Tuesday, March 31, 2009

Miscellany: Stuck in the Bluebook past

I'm writing my seminar paper for Advanced Patent Law, and that means citing sources - dozens of them, all using the Bluebook. The Bluebook is a system of legal citation promulgated by the law reviews of Harvard, Yale, Columbia, and Pennsylvania. It's the most widely used format, adopted almost verbatim by many jurisdictions.

What irks me about the Bluebook is its relative intransigence toward the inclusion of digital media. Other citation systems accept websites and web-published content without too much gruff (the MLA Style Manual, for instance), but the Bluebook's nagging insistence upon traditional print sources seems outdated in today's day and age. There's even a convoluted system for parallel citation of printed material, just in case you find out that the info you found in a web search is in dead tree form somewhere, anywhere.
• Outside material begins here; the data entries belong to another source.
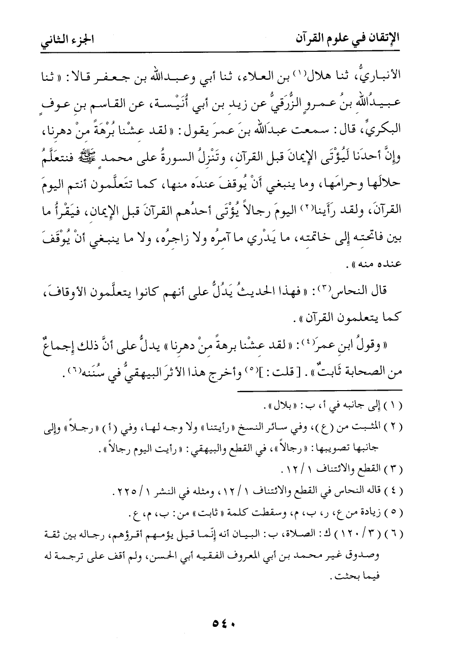 الأنباري حدثنا هلال بن العلاء بن أبي وعبد الله بن جعفر قالا حدثنا عبد الله بن عمر الزرقي عن زيد بن أبي أنيسة عن القاسم بن عوف البكري قال سمعت عبد الله ابن عمر يقول لقد عشنا برهة من دهرنا وإن أحدنا ليؤتى الإيمان قبل القرآن وتنزل السورة على محمد صلى الله عليه وسلم فنتعلم حلالها وحرامها وما ينبغي أن يوقف عنده منها كما تتعلمون أنتم القرآن اليوم ولقد رأينا اليوم رجالا يؤتى أحدهم القرآن قبل الإيمان فيقرأ ما بين فاتحته إلى خاتمته ما يدري ما آمره ولا زاجره ولا ما ينبغي أن يوقف عنده منه قال النحاس فهذا الحديث يدل على أنهم كانوا يتعلمون الأوقاف كما يتعلمون القرآن
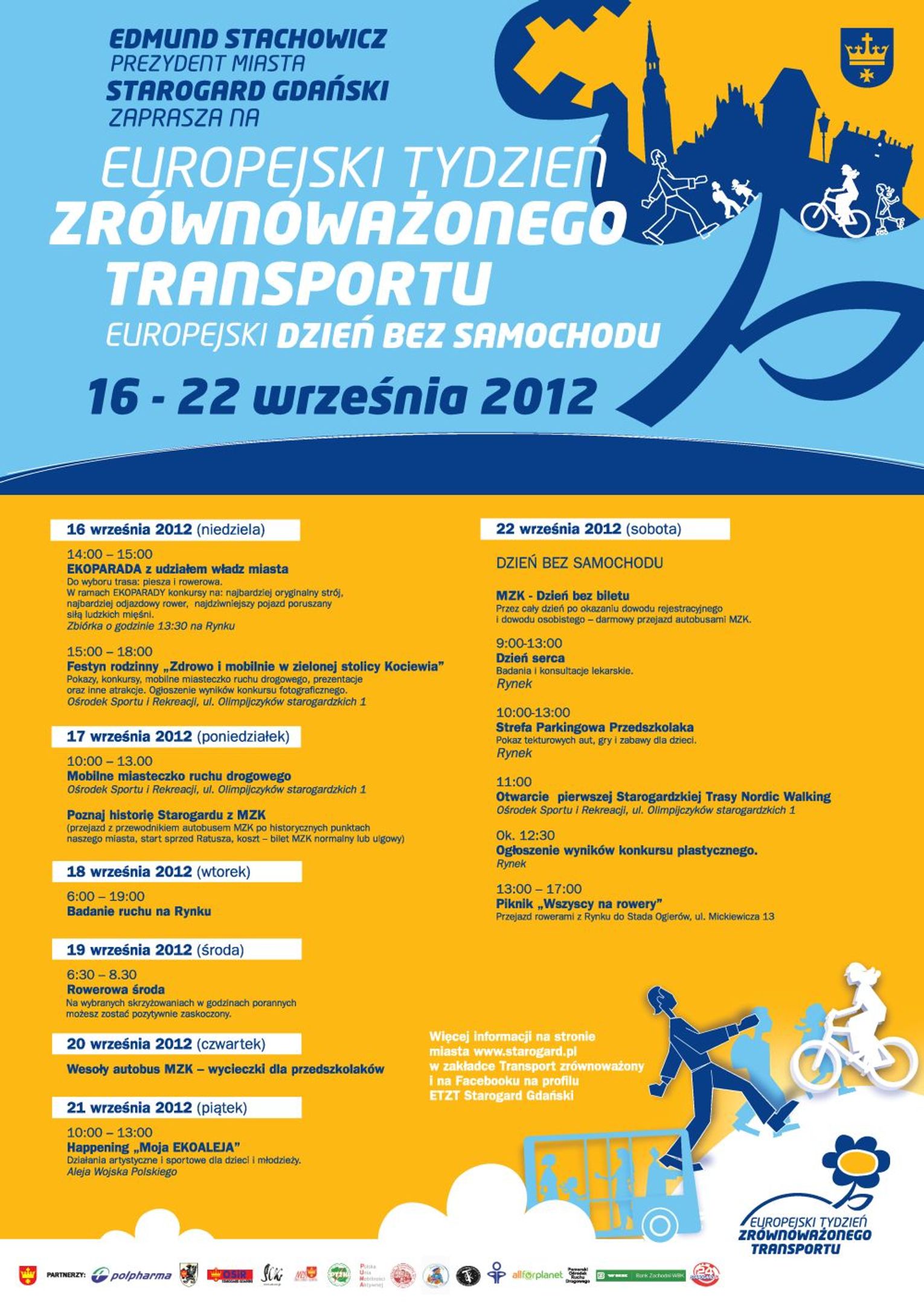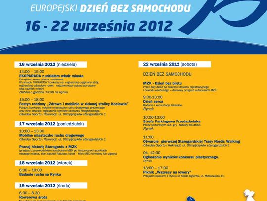 - Europejski Tydzień Zrównoważonego Transportu funkcjonuje właściwie od 2002 r. Jest to projekt zainicjowany przez komisję europejską i trwa do dziś. Straogard bierze udział w obchodach tego tygodnia od kilku już dobrych lat. To są zawsze te same daty, od 16 do 22 września i zawsze ostatni dzień tego tygodnia to dzień bez samochodu. Plakaty z programem zostaną rozwieszone w mieście, będą dostępne w różnych instytucjach, zostaną również rozesłane indywidualne zaproszenia. Chcemy po prostu, aby w tym wydarzeniu wzięło udział wiele osób, ale też wiele osób znanych. Ideą jest by mieszkańcy miast nie zrezygnowali całkowicie z samochodu, ale by korzystali z innych środków transportu. To może być komunikacja zbiorowa, może być rower, jeżdżenie również na rolkach. Jeżeli już trzeba jechać samochodem, to najlepiej robić to w bardziej ekonomiczny sposób. Nie jeździć np. samemu, tylko umówić się w kilka osób. Nie „palić gum” na starcie, jak to czasami bywa, tylko jeździć ekonomicznie. Zresztą sprzyja to kierowcy, mniej zużywa się samochód, mniej także spala się paliwa. Modna ostatnio tzw. ekojazda to nie jazda na rowerze, to właśnie ekologiczna jazda samochodem poprzez zastosowanie tych kilku zasad.
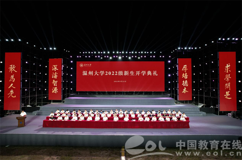 大罗山下,流光溢彩,瓯江之畔,青春激扬。9月21日晚,星空平台举行2022级新生开学典礼。全体校领导,各学院、部门负责人,新生班主任,全体辅导员,2022级新生,教师代表,校友代表,老生代表等参加典礼。校党委副书记庄兴忠主持。
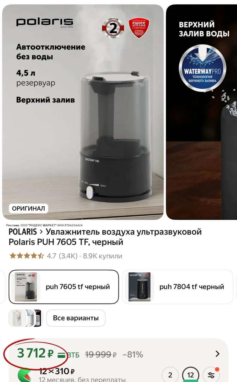 💻 Увлажнитель воздуха ультразвуковой Polaris PUH 7605 TF, черный
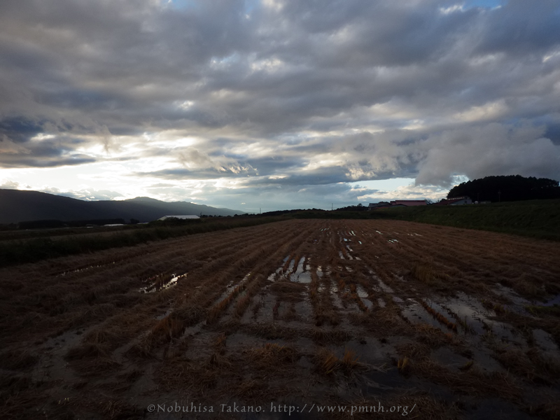 生き物はすっかり寂しくなって、簡潔に言えば、リス、留鳥、トンボ、バッタ、ハチ、ハエ。というところだ。晴れれば、わづかに残っている野菊に、かっこいいメバエとか、狩人蜂とかがしがみついていて、日向にトンボやバッタが群れる。だから僕も、背中に陽光を浴びて、じっくり腰を下ろして一匹一匹と相対した。背後でカケスとヒヨドリがやたらうるさい。
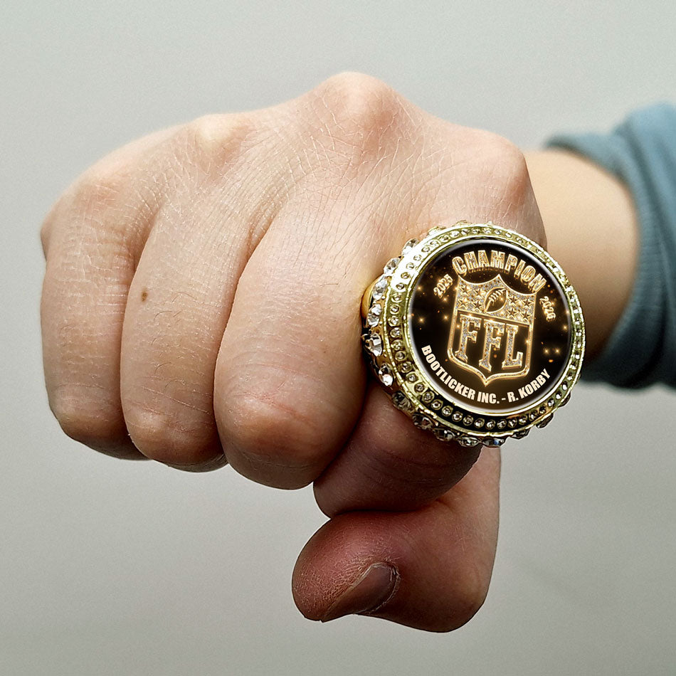 We are calling all champs!  It's time to make a statement, a real personal statement.  The Power Rings by FantasyToilet.com are not only big, heavy, and bulky, they're beautiful.  Each ring is adorned by clear gemstones making you even more prominent. Available in bright gold.  Each ring includes a bedazzled FFL graphic and year.   Includes your name and or league name.
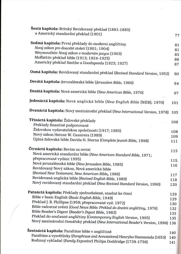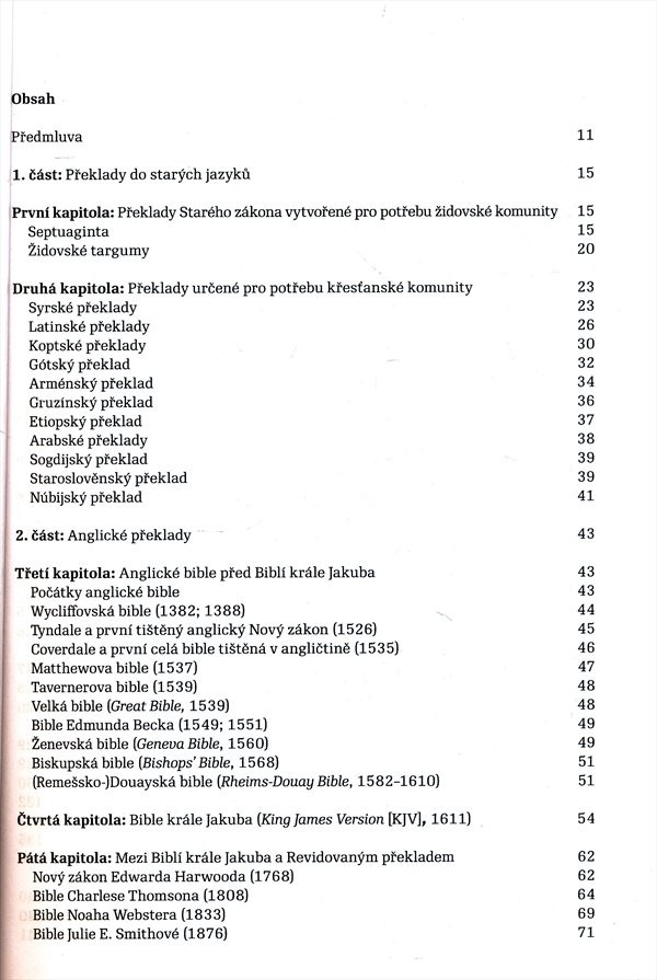 Monografie amerického teologa přináší přehled nejstarších překladů Bible (vč. staroslověnského). Jádrem práce je přehled překladů Bible do angličtiny od 11. století do současnosti.

The whole thing is premised on the notion that you can't believe what you read on the Web. To be fair, there's a lot of stuff you CAN'T believe (visit any webforum, whatever the topic, for example). You probably shouldn't cite Shangrila Towers for anything serious.

But there is also a lot of great information available on the web. How about citing a podcast created by a professional astronomer? Or a web magazine that counts actual game developers as contributors? Is there anything that makes the New York Times more accurate than a famous blogger?